Number of Arithmetic Triplets

Problem Description

You are given a 0-indexed, strictly increasing integer array nums and a positive integer diff. A triplet (i, j, k) is an arithmetic triplet if the following conditions are met

1. i < j < k,
2. nums[j] - nums[i] == diff, and
3. nums[k] - nums[j] == diff.

Return the number of unique arithmetic triplets.

Examples

Example 1:

Input: nums = [0,1,4,6,7,10], diff = 3
Output: 2
Explanation:
(1, 2, 4) is an arithmetic triplet because both 7 - 4 == 3 and 4 - 1 == 3.
(2, 4, 5) is an arithmetic triplet because both 10 - 7 == 3 and 7 - 4 == 3. 

Example 2:

Input: nums = [4,5,6,7,8,9], diff = 2
Output: 2
Explanation:
(0, 2, 4) is an arithmetic triplet because both 8 - 6 == 2 and 6 - 4 == 2.
(1, 3, 5) is an arithmetic triplet because both 9 - 7 == 2 and 7 - 5 == 2.

Complexity Analysis

*** Time Complexity:** $O(n*n*n)$

*** Space Complexity:** $O(1)$

Constraints

• 3 <= nums.length <= 200
• 0 <= nums[i] <= 200
• 1 <= diff <= 50

Solution

Approach

The provided solution for finding arithmetic triplets in an array employs a brute-force approach. It iterates through all possible combinations of three distinct indices (i, j, k) within the array 'nums', ensuring that 'i < j < k'. For each combination, it checks if the difference between the elements at these indices matches the specified difference 'diff'. Specifically, it verifies if the difference between 'nums[j]' and 'nums[i]' equals 'diff' and if the difference between 'nums[k]' and 'nums[j]' also equals 'diff'. If both conditions are met, it counts this triplet as a valid arithmetic triplet.

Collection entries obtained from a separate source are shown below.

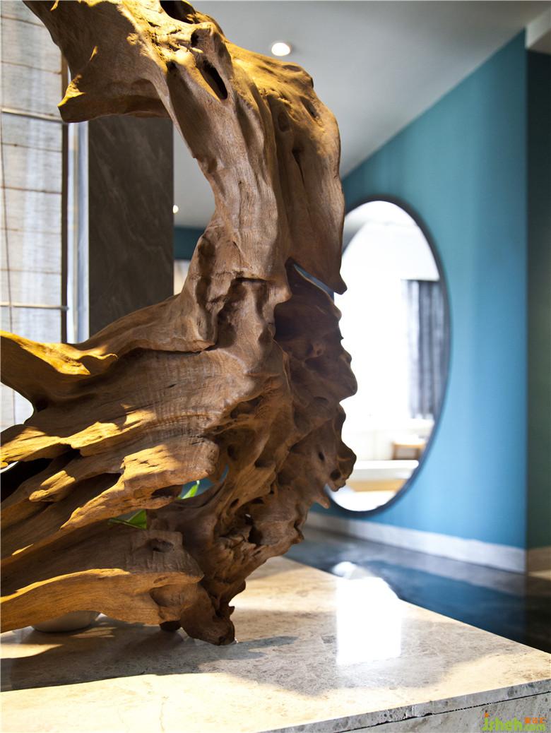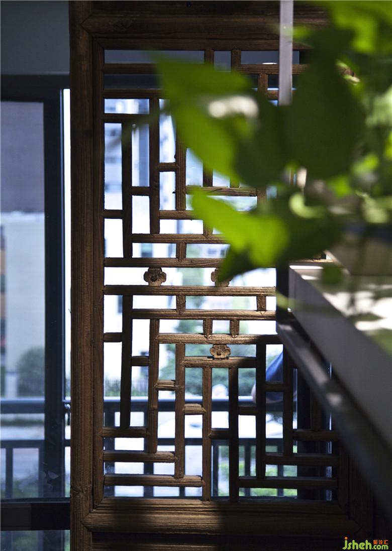 因?yàn)閷衔锛那橛歇?dú)鐘,幾扇老門窗通過現(xiàn)代設(shè)計(jì)手法賦予其新的使命,斑駁帶有歲月痕跡的老水缸、殘缺的小石磨、質(zhì)樸的朽木根、生機(jī)盎然的小綠植......古今碰撞,禪意漸濃。
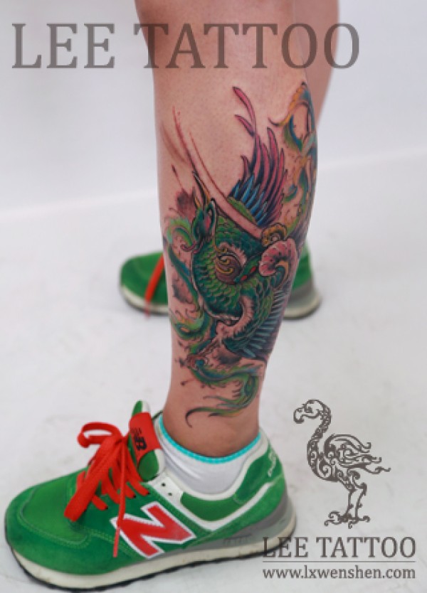 小腿彩色凤凰纹身图案_凤凰纹身图案大全_纹身图吧
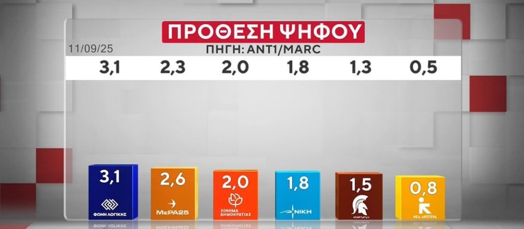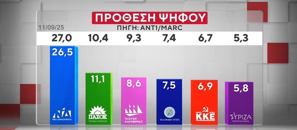 Σαφέστερα, σύμφωνα με την έρευνα της Marc, στην πρόθεση ψήφου η ΝΔ είναι στο 26,5%, το ΠΑΣΟΚ 11,1%, η Πλεύση Ελευθερίας 8,6%, η Ελληνική Λύση 7,5%, το ΚΚΕ 6,9%, ο ΣΥΡΙΖΑ 5,8%, η Φωνή Λογικής 3,1%, το ΜέΡΑ25 2,6%, το Κίνημα Δημοκρατίας 2%, η Νίκη 1,8%, οι Σπαρτιάτες 1,5%, η Νέα Αριστερά 0,8%.
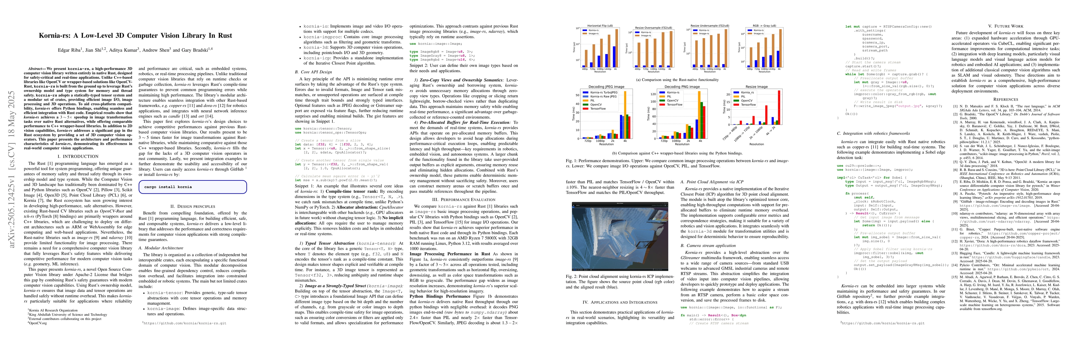 kornia-rs, a Rust-based 3D computer vision library, offers high performance and safety in real-time applications, achieving 3-5 times speedup over native Rust alternatives.
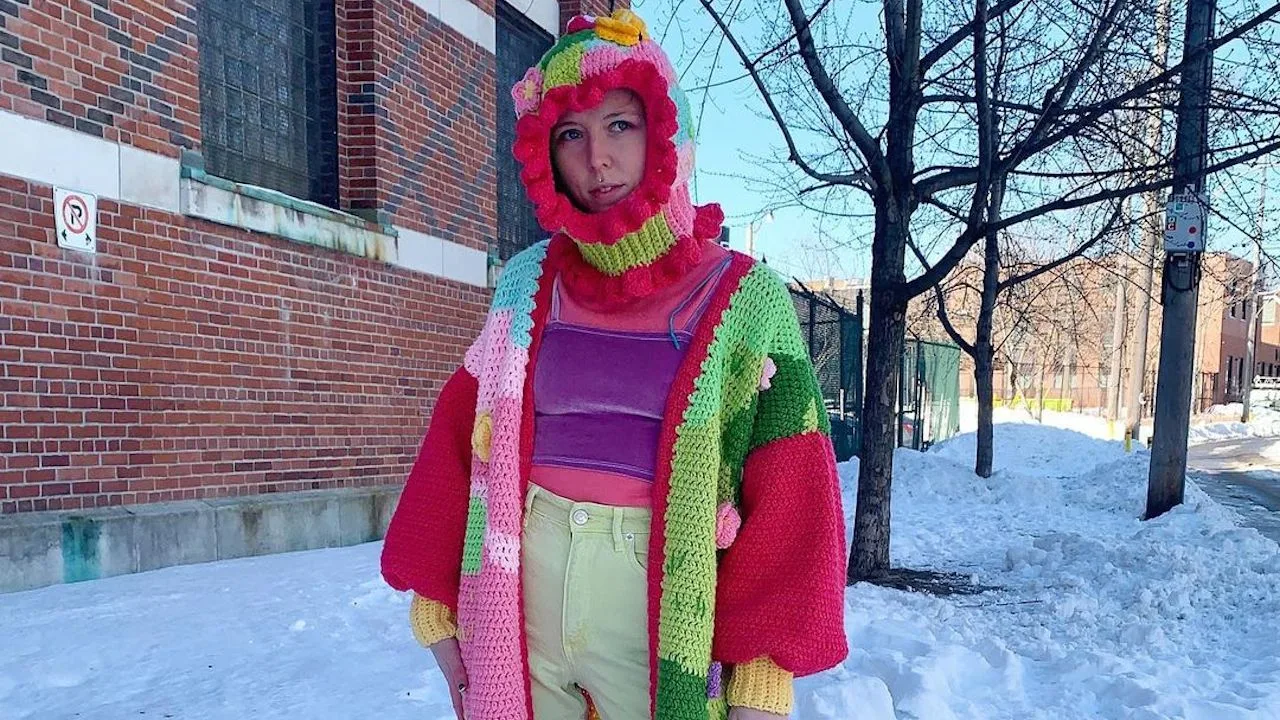 Aynsley Grealis is a viral Toronto artist who creates elaborate (and functional) crochet garments and accessories, such as embellished balaclavas and sculpturesque bags (carousel horses, espresso martinis, pizza rats…just to name a few designs). Her works vary widely in theme, from animals to food.
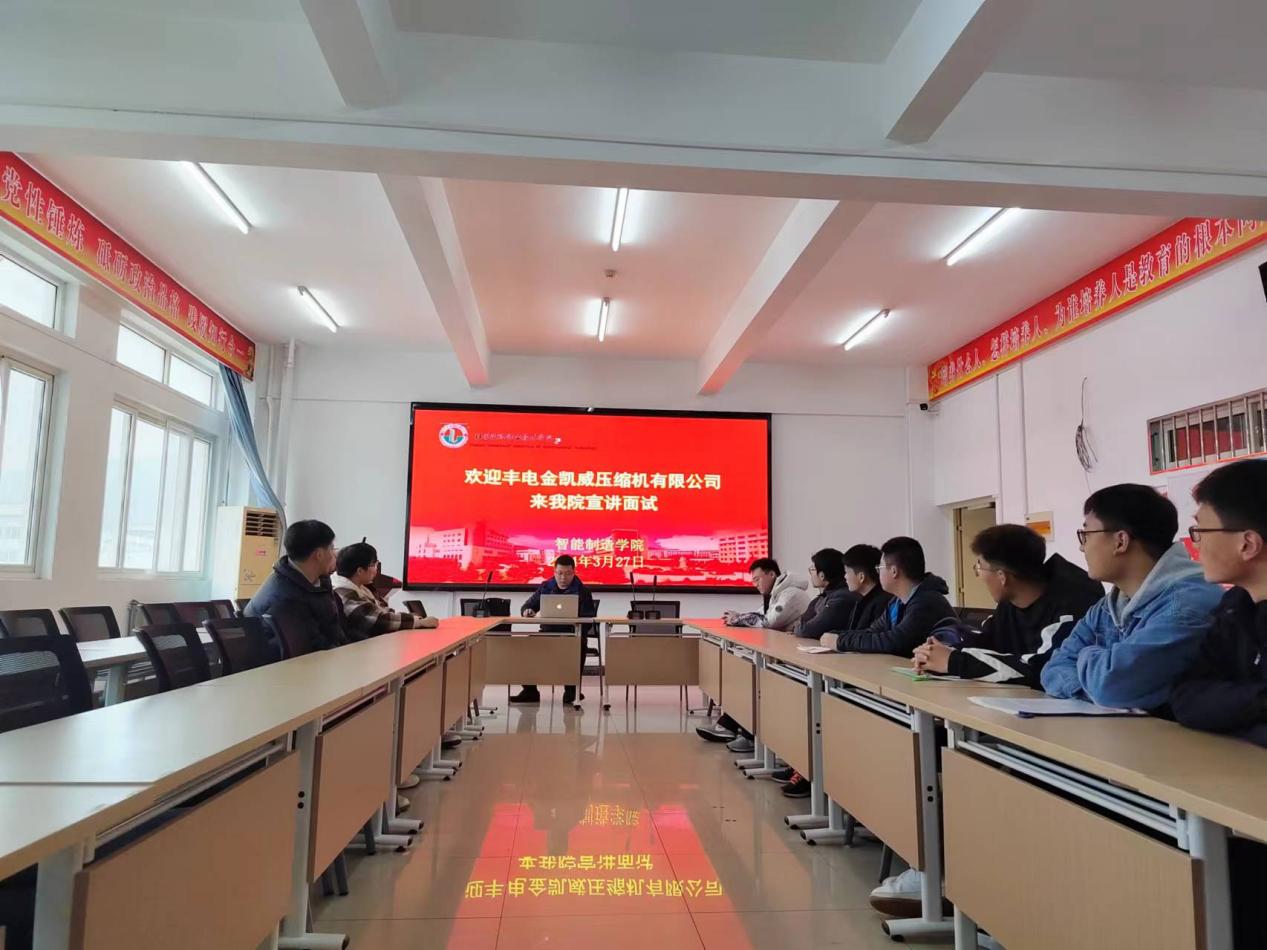 为了进一步深化产教融合,提升人才培养质量,促进学生更加充分更高质量就业。2024年3月27日下午,新利18官方网站多少联合丰电金凯威(苏州)压缩机有限公司在第一实训楼504开展了宣讲面试工作。公司市场部潘经理进行了现场宣讲面试,意向毕业生二十余人参加。
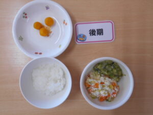 後期:白菜と豆腐の煮物/もやしとブロッコリーの和え物/かぼちゃ/軟飯
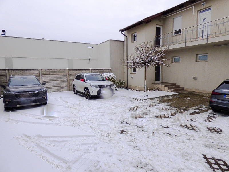 Az ingatlanhoz tartozik, a vételár részét képező belső, zárt udvaron lévő felszíni gépkocsi beálló, elektromos autó töltésére alkalmas kiállással.

The nested loops ensure that all combinations are considered, making the solution straightforward but not optimal for large input sizes due to its O(n^3) time complexity.

Code in Different Languages

C++

Written by @ImmidiSivani

#include <vector>
using namespace std;

class Solution {
public:
    int arithmeticTriplets(vector<int>& nums, int diff) {
        int c = 0;
        for (int i = 0; i < nums.size() - 2; i++) {
            for (int j = i + 1; j < nums.size() - 1; j++) {
                for (int k = j + 1; k < nums.size(); k++) {
                    if (nums[j] - nums[i] == diff && nums[k] - nums[j] == diff) {
                        c++;
                    }
                }
            }
        }
        return c;
    }
};

Java

Written by @ImmidiSivani

class Solution {
    public int arithmeticTriplets(int[] nums, int diff) {
        int c=0;
        for(int i=0;i<nums.length-2;i++){
            for(int j=i+1;j<nums.length-1;j++){
                for(int k=j+1;k<nums.length;k++){
                    if(nums[j]-nums[i]==diff && nums[k]-nums[j]==diff){
                        c++;
                    }
                }
            }
        }
        return c;
    }
}

Python

Written by @ImmidiSivani

class Solution:
    def arithmeticTriplets(self, nums, diff):
        c = 0
        for i in range(len(nums) - 2):
            for j in range(i + 1, len(nums) - 1):
                for k in range(j + 1, len(nums)):
                    if nums[j] - nums[i] == diff and nums[k] - nums[j] == diff:
                        c += 1
        return c

References

• LeetCode Problem: Number of Arithmetic Triplets

• Solution Link: Number of Arithmetic Triplets